Cohort summary (Track B at the same operating point)

  • Median bpw: 2.40
  • Median T1 retention: 84.13%
  • Median T10 retention: 91.28%
  • Median compression ratio vs FP16: 1.74x

Envelope across the cohort

  • bpw range: 2.39 – 2.40
  • Compression ratio range: 1.39x – 1.90x vs FP16
  • T10 retention floor: 90.18% (worst-case across the cohort)
  • T10 agreement floor: 93.06%

Track A (separate experiment — referenced for context only)

The README headline numbers (95.63% median T1 retention, zero catastrophic failures, 30% smaller than NF4) are the Track A benchmark at 2.798 bpw. Track A and Track B are different methods, different operating points, different bpw targets. Customer evaluations should pick a track based on use case:

  • Track A (shipping now) — drop-in replacement for bitsandbytes / GPTQ / AWQ / HQQ. Pre-compressed reference artifacts roll out on Hugging Face Hub through April–May 2026.
  • Track B (v0.2) — architectural compression layered on top of (or in place of) standard quantization. Higher absolute compression, narrower architecture support at v0.2 launch.

Field definitions

  • bpw — bits per weight; effective on-disk per-parameter cost including all overhead (codebooks, scales, zero points, metadata).
  • Compression vs FP16 — compressed-artifact size relative to FP16 baseline; >1.0 means smaller. Different denominator than bpw; see footnote above.
  • Experiment family — which experimental track this row belongs to. All rows in this matrix are Track B evidence.
  • Customer ship status — whether artifacts from this experiment are downloadable today. All rows in this matrix are not yet downloadable; release in v0.2.
  • PPL FP16 — WikiText-103 perplexity of the FP16 teacher.
  • PPL compressed — WikiText-103 perplexity of the compressed model at this operating point.
  • T1 / T10 agreement — fraction of tokens where compressed top-k matches teacher top-k.
  • T1 / T10 retention — compressed top-k accuracy / teacher top-k accuracy, expressed as a percentage.

Provenance

  • Source: internal Sipsa Labs benchmark archive.

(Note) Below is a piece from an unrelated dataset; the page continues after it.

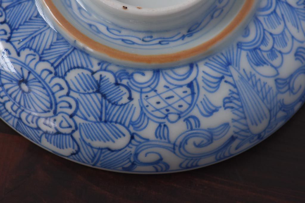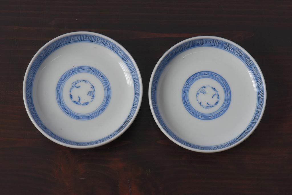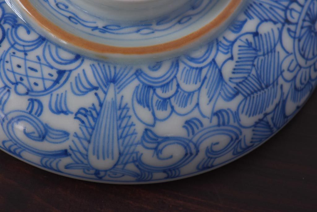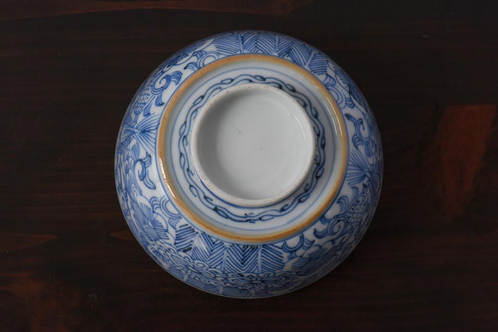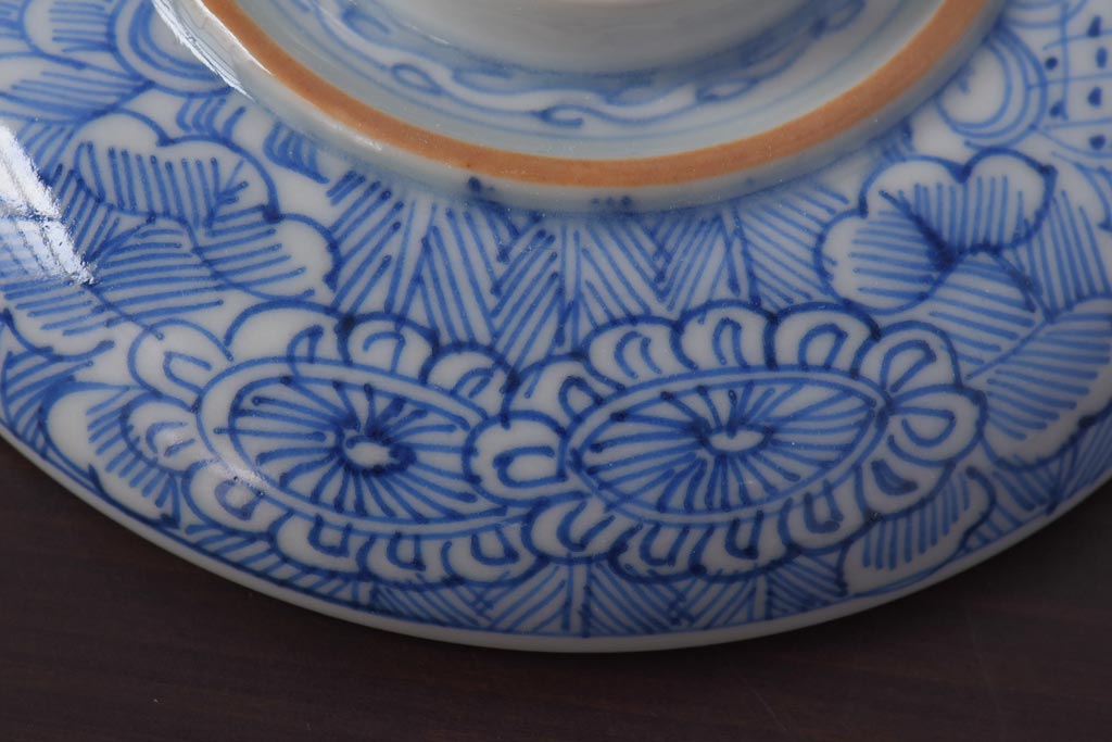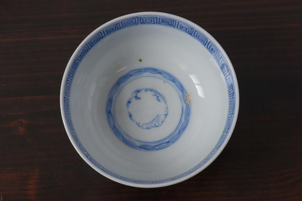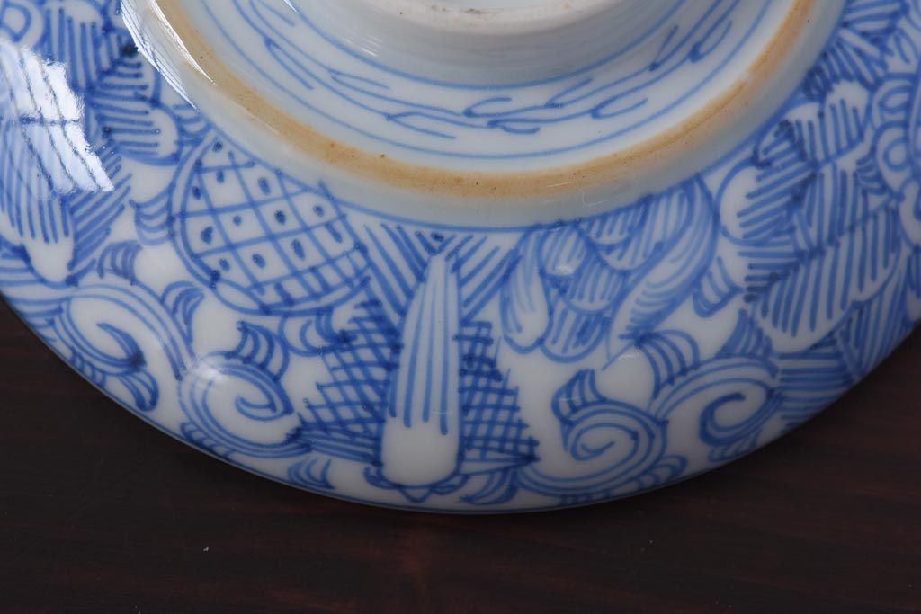 ラフジュ工房> 和食器・茶道具 > 古民具・骨董 幕末明治期 線描染付 細かな図柄が味わい深い蓋付茶碗(和食器)2客セット(2)
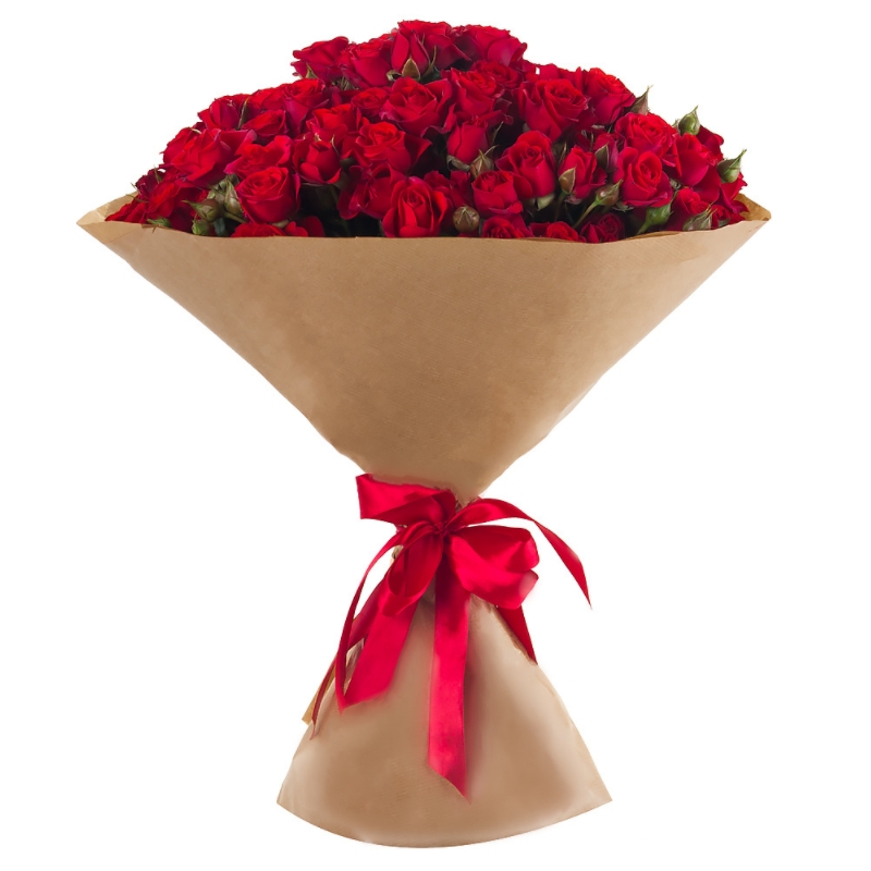 Букет состоит из 25 красных кустовых роз, крафт, атласная лента.

SHA-256-verified manifest available under NDA — email legal@sipsalabs.com.
  • Extracted: 2026-04-27.
  • Method: direct field copy of public-safe fields only; method internals (operating-point parameters, codebook sizes, calibration constants) deliberately excluded — those live with the filed patent specifications and are accessible only under NDA.
  • No hand-entered values. Each row is a direct copy from the source archive with rounding only.

Notes

  • All numeric values are direct field copies from the source archive; no hand-entered values.
  • Models without ppl_fp16 / ppl_compressed ran the agreement/retention pipeline but not the perplexity pipeline.
  • Cohort medians and envelope are computed by this extractor; readers can recompute from the per-model rows.
  • This is the Track B evidence matrix — architectural-compression evidence. Track A v0.1 reference-artifact benchmarks are in the README. Do not combine.

Both matrix.md (this file) and matrix.json are direct field copies from the source-of-truth file in the internal Sipsa Labs benchmark archive. Method-internal fields (operating-point parameters, codebook sizes, calibration constants) are deliberately excluded; the patent specifications cover those.